On the client side, you can do this in Javascript using the navigation.userAgent object. Here's a crude example:
if (navigator.userAgent.indexOf("MSIE") > -1)
{
alert("Internet Explorer!");
}
else if (navigator.userAgent.indexOf("Firefox") > -1)
{
alert("Firefox!");
}
A more detailed and comprehensive example can be found here: http://www.quirksmode.org/js/detect.html
Note that if you're doing the browser detection for the sake of Javascript compatibility, it's usually better to simply use object detection or a try/catch block, lest some version you didn't think of slip through the cracks of your script.
For example, instead of doing this...
if(navigator.userAgent.indexOf("MSIE 6") > -1)
{
objXMLHttp = new ActiveXObject("Microsoft.XMLHTTP");
}
else
{
objXMLHttp = new XMLHttpRequest();
}
...this is better:
if(window.XMLHttpRequest) // Works in Firefox, Opera, and Safari, maybe latest IE?
{
objXMLHttp = new XMLHttpRequest();
}
else if (window.ActiveXObject) // If the above fails, try the MSIE 6 method
{
objXMLHttp = new ActiveXObject("Microsoft.XMLHTTP");
}
It may be dependent of your setting.
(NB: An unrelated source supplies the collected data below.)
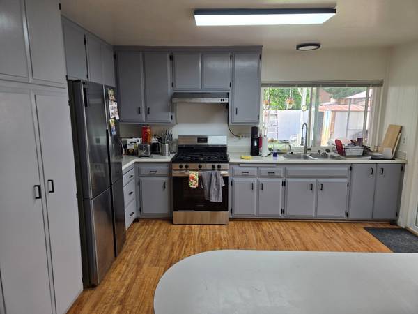 Unfurnished bedroom for rent (home newly renovated, fresh paint and carpet in room). Shared bathroom with one other roommate. Access to all common areas (kitchen, garage, yard, etc.). All utilities and WiFi included. In-house washer and dryer.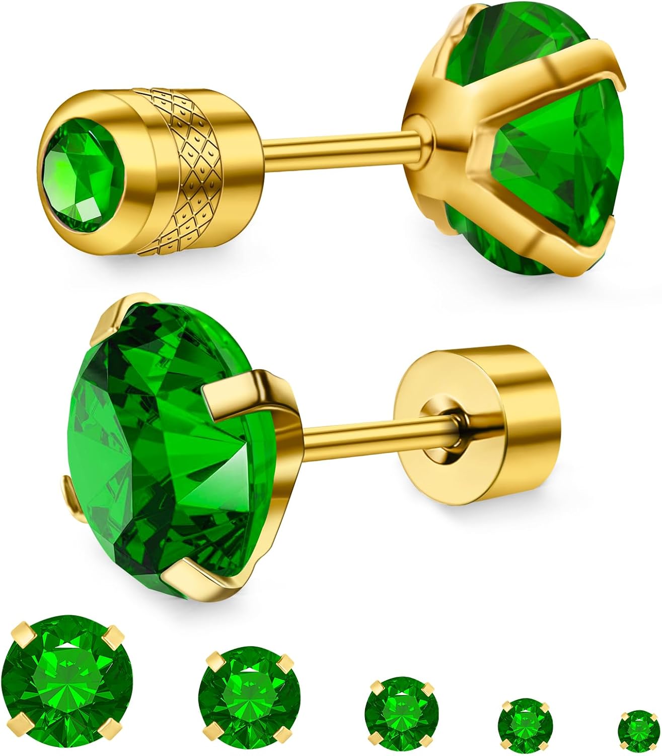 5 Pairs Flat Back Stud Earrings for Women, Trendy Cartilage Earring, Hypoallergenic Titanium Earrings Set, Cubic Zirconia Flatback Ear Rings Non Tarnish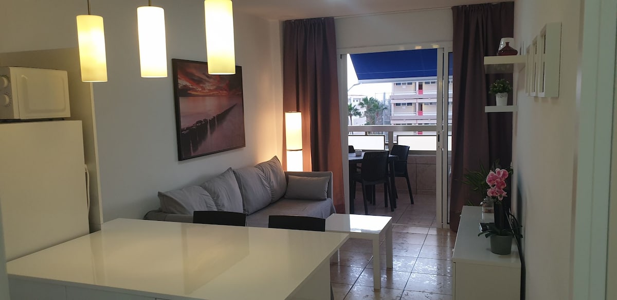 Aire acondicionado, smart TV 55" fibra internet.En una zona muy céntrica y tranquila. Acogedor con sala de estar con sofa cama y dormitorio con cama de matrimonio, cocina y baño independiente, dispone de un restaurante todo dentro de un hotel. Ubicado frente a un centro comercial con farmacias ,mercados, restaurantes, discotecas y al lado de la playa. Situado en el sur de la isla en unos de los puntos más turisticos y visitados. Dispone de Piscinas una para adultos y otra para niños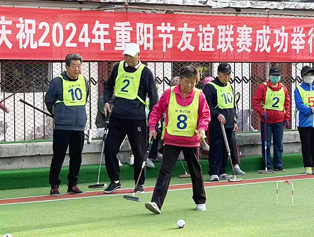 10月10日,我校“九九重阳杯门球联赛”在卫辉校区门球场举行。来自校本部、第一附属医院、第二附属医院7支代表队,50多名退休门球选手欢聚一堂,切磋球技。比赛现场气氛热烈,球员们步伐沉稳,动作娴熟,展现精湛的击球技术和默契的战术配合。他们通过球赛以球会友,共话往昔,展现出了离退休人员积极向上的精神面貌和乐观的生活态度。
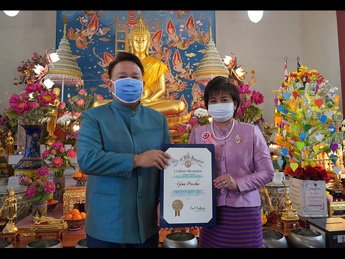 คณะสงฆ์วัดไทยลอสแองเจลิส โดยหลวงพ่อใหญ่ ท่านเจ้าคุณพระเทพมงคลวิเทศ ขออนุโมทนาบุญขอบคุณท่านกงสุลใหญ่ ณ นครลอสแองเจลิส คุณมังกร ประทุมแก้ว ที่ให้เกียรติเป็นประธานในพิธีเปิดงานเทศกาลประเพณีสงกรานต์วันขึ้นปีใหม่ไทย ของวัดไทยฯ ขออนุโมทนาบุญขอบคุณท่านประธานจัดงาน คุณตัน พัฒนะ นายกสภาไทยทาวน์ คุณจีน่า ปรีชา และรองประธานจัดงาน ที่เสียสละ ทุ่มเทอุทิศแรงกายแรงใจอย่างไม่เห็นแก่เหนื่อยยาก ช่วยกันเตรียมงาน และจัดการให้งานประสบความสำเร็จเกินคาดหมาย ขออนุโมทนาบุญญาติโยมทุกท่าน ที่ไปร่วมงานร่วมกันเสริมสร้างบรรยากาศแบบไทยๆ อันงดงามให้ปรากฏในต่างแดน

With apache on linux, its written in the access log /var/log/apache2/access_log
You can do this by:
- looking at the web server log, OR
- looking at the User-Agent field in the HTML request (which is a plain text stream) before processing it.
First of all, I'd like to note, that it is best to avoid patching against specific web-browsers, unless as a last result -try to achieve cross-browser compatibility instead using standard-compliant HTML/CSS/JS (yes, javascript does have a common denominator subset, which works across all major browsers).
With that said, the user-agent tag from the HTTP request header contains the client's (claimed) browser. Although this has become a real mess due to people working against specific browser, and not the specification, so determining the real browser can be a little tricky.
Match against this:
contains browser
Firefox -> Firefox
MSIE -> Internet Explorer
Opera -> Opera (one of the few browsers, which don't pretend to be Mozilla :) )
Most of the agents containing the words "bot", or "crawler" are usually bots (so you can omit it from logs / etc)
check out browsecap.ini. The linked site has files for multiple scripting languages. The browsecap not only identifies the user-agent but also has info about the browser's CSS support, JS support, OS, if its a mobile browser etc.
cruise over to this page to see an example of what info the browsecap.ini can tell you about your current browser.